Alaska
Teacher retention: Fact or fake news?
By DAVID BOYLE
The Education Industry has overwhelmed the Alaska Legislature with its opinion on the teacher shortage in Alaska. Is this a true shortage or is it just a means to demand more money from the legislature for K12 education?
During the past few weeks, the Education Industry, which includes the many school districts, the teachers’ unions, the Alaska Association of School Boards, the Alaska Association of School Administrators, the Alaska Association of School Principals, and the Alaska Association of School Business Officials, have pushed their opinion that they need more funding to recruit and retain teachers.

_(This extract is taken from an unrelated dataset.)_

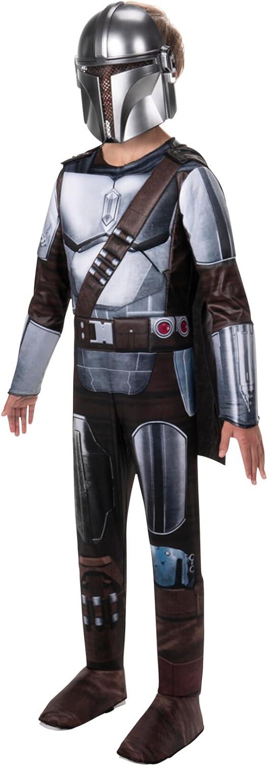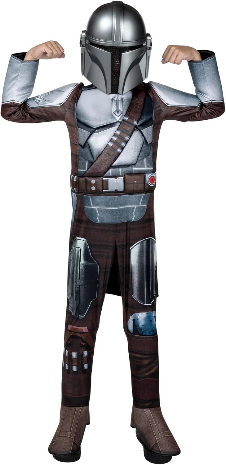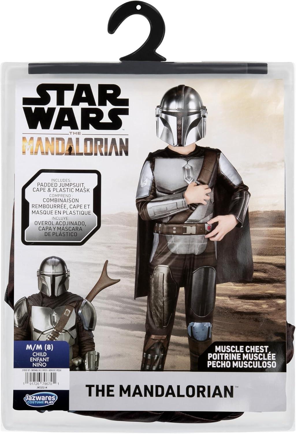 Star Wars The Mandalorian Official Youth Costume - Premium Quality Padded Jumpsuit with Plastic Mask and Detachable Cape(Large)

Lisa Parady, CEO of the Alaska Council of School Administrators, said, “We can’t recruit teachers, we are struggling in the worst crisis Alaska has seen in terms of turnover. Fundamentally, that’s very important to high-quality instruction.”
Parady and her fellow administrators from various school districts repeatedly stated the only solution for this “crisis” was more funding.

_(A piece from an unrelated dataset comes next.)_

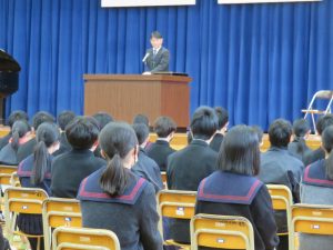 - 始業式後に110番教室実施1月8日(木)の始業式後、長門警察署の警察官が来校され、110番教室を開催されました。教室では、非常事態には迷わず110番に連絡することの大切さを教えていただくとともに、現地から動画を送って状況を知らせるシステムについて […]

The live presentation to the joint House/Senate Education Committees is here.
But is this really new? There have been teacher recruiting and retention problems in rural Alaska schools for many decades.
Many young teachers are recruited from Outside Alaska to fill jobs in our rural schools. They come north, yearning for the “Alaska experience.”

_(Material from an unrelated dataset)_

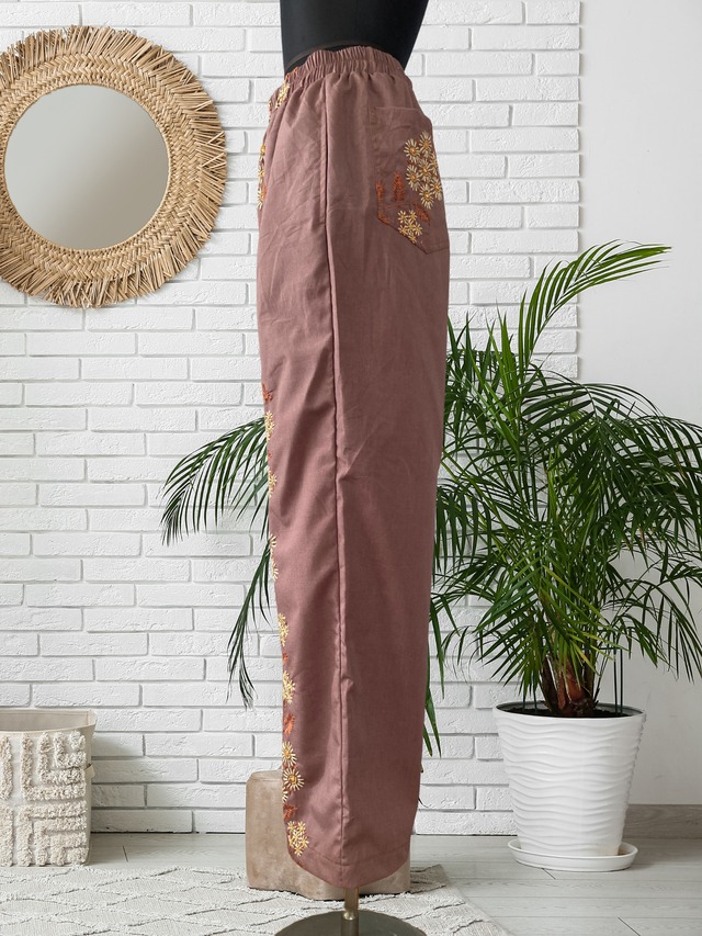 ヴィンテージ 刺繍 コットン生地 ブラウン イージーパンツ

Once they are on the job for a while, they become disillusioned with the harsh climate, isolation, lack of entertainment, inadequate housing, and cultural differences.
This rural teacher problem has been very well documented in “It’s more than just dollars: Problematizing salary as the sole mechanism for recruiting and retaining teachers in rural Alaska” by the Center for Alaska Education Policy and Research. This 2016 study was contracted by the Alaska State Department of Administration.
The study’s conclusion is that “salaries alone will not ensure a stable and qualified teacher workforce.” Most importantly, are working conditions.
In urban Alaska teacher recruiting and retention is not such a great problem. The Anchorage School District is representative of the urban school districts.
The ASD student population comprises a very large part of the entire State’s student population. The ASD has 42,431 K-12 students this school year; the entire state has 127,931 K12 students. Thus, the ASD has about 33% of the state’s entire student population.
Let’s look at the Anchorage School District’s teacher manning to determine the scope of the problem.
Parady told the House Education Committee, “We can’t recruit teachers.”
Yet, that does not seem to be a problem in Anchorage.
Here are the data for the number of certificated teachers in both elementary and secondary schools and the number of vacancies:
Category
Budgeted
Filled
Vacant
Elementary Teachers
1108
1096
12
Secondary Teachers
621
612
9
Special Service Teachers
758
670
88
As one can see, there are only 21 vacant elementary and secondary teacher positions in Anchorage — a 1.2% vacancy rate.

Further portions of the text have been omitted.